На моей памяти состоялись по меньшей мере три попытки реанимировать Островского как героя массового сознания. Первая — фильм Николая Мащенко «Как закалялась сталь» 1973 года; сегодня о той картине помнят главным образом, что там дебютировал Владимир Конкин, да еще песня была хорошая на стихи Роберта Рождественского — «Ты только не взорвись на полдороге, товарищ Сердце…» На самом деле песня восходит к опыту святого Франциска Ассизского, который даже собственное тело называл «братец тело», а уж к волку и подавно обращался «братец волк»; жизнь и смерть он называл своими сестрицами. Корчагин в трактовке Мащенко и Конкина был как бы таким святым, только советским, — так что вместо обращения «братец» у него было «товарищ»: товарищ тело, товарищ песня, товарищ жизнь. Это вполне соответствовало агиографической стилистике фильма: Корчагин был сделан героем-мучеником, героем-жертвой, все его боевые и трудовые подвиги обрели поэтический ореол в лучших традициях студии Довженко. Не было и речи о том, чтобы такому Корчагину подражать. На него можно было только молиться.
Вторую — и, кажется, более успешную, потому что более честную интеллектуально — попытку реанимации Корчагина предпринял Лев Аннинский, в принципе неспособный написать неинтересно даже о самой слабой книге (а «Как закалялась сталь» — книга сильная). Он поставил себе задачу счистить с этого романа слизь славословий, патину времени и плесень штампов — то есть, по собственному его признанию, написать о Корчагине так, словно до сих пор о нем никто не брался писать вообще. У него получилось: лучшие учителя литературы рекомендовали эту книгу учащимся как единственное пристойное пособие.
Аннинский возвел Корчагина к Раскольникову и Рахметову, и никакого парадокса здесь нет: абсолютный примат духа над телом, фанатическая идейность, готовность переступить через кровь — все это генетические черты русских мальчиков, спорить не о чем. Поскольку работа Аннинского появилась в семидесятые, он не мог прямым текстом сказать о том, что и вся советская история с ее репрессиями, цензурой и пренебрежением к личности была прямым продолжением русской, что все наши пятна — родимые, что Корчагин, ненавидевший русскую интеллигенцию, был ее прямым порождением, вымечтанным образцом, закономерным развитием идей европейского гуманизма — и не зря у постели Николая Островского рыдал приехавший в СССР Андре Жид. В его довольно скептической книге единственные восторженные страницы — об Островском, и в искренности французского эстета сомневаться не приходится.
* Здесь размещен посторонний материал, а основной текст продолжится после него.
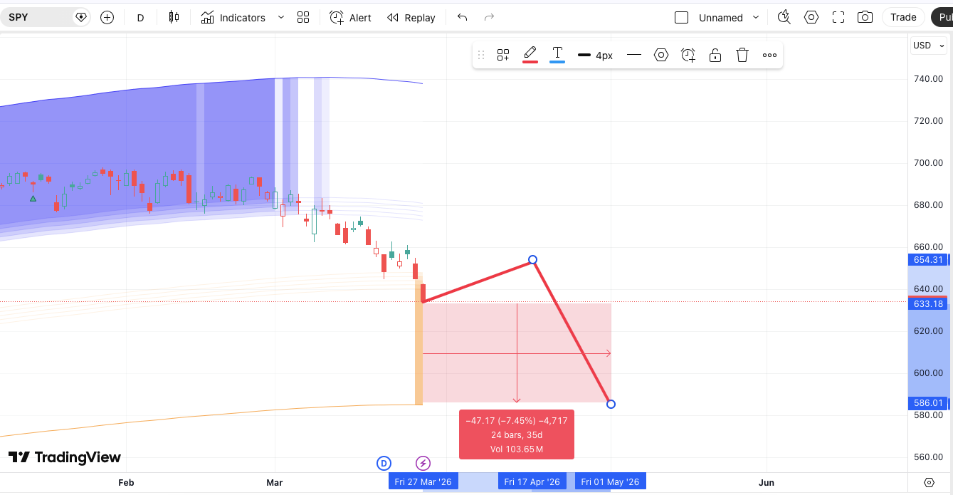 Если к этому моменту прогресса в переговорах не будет достигнуто — а многие политологи сейчас говорят, что «ни одна из сторон уже неспособна выйти с высоко поднятой головой» — есть вероятность, что к 1 мая мы увидим ключевой технический уровень: $588 по $SPY.

Тогдашний читатель Аннинского отлично умел читать между строк. Для него параллель между «Что делать?» и «Как закалялась сталь» — двумя романами-инструкциями — была красноречива и многое проясняла в генезисе советского, которое иные диссиденты старались всячески оторвать от русского.
Все, что было в Корчагине хорошего и плохого, росло из золотого века русской культуры — из отечественной идеократии, бескомпромиссности и самоотверженности. Так Корчагин был вписан в контекст — и реанимирован для серьезного разговора о нем.
К сожалению, Аннинский оказался прав и в другом: в 1985 году подпочвенные силы вырвались на поверхность с той же силой, что и в 1917-м.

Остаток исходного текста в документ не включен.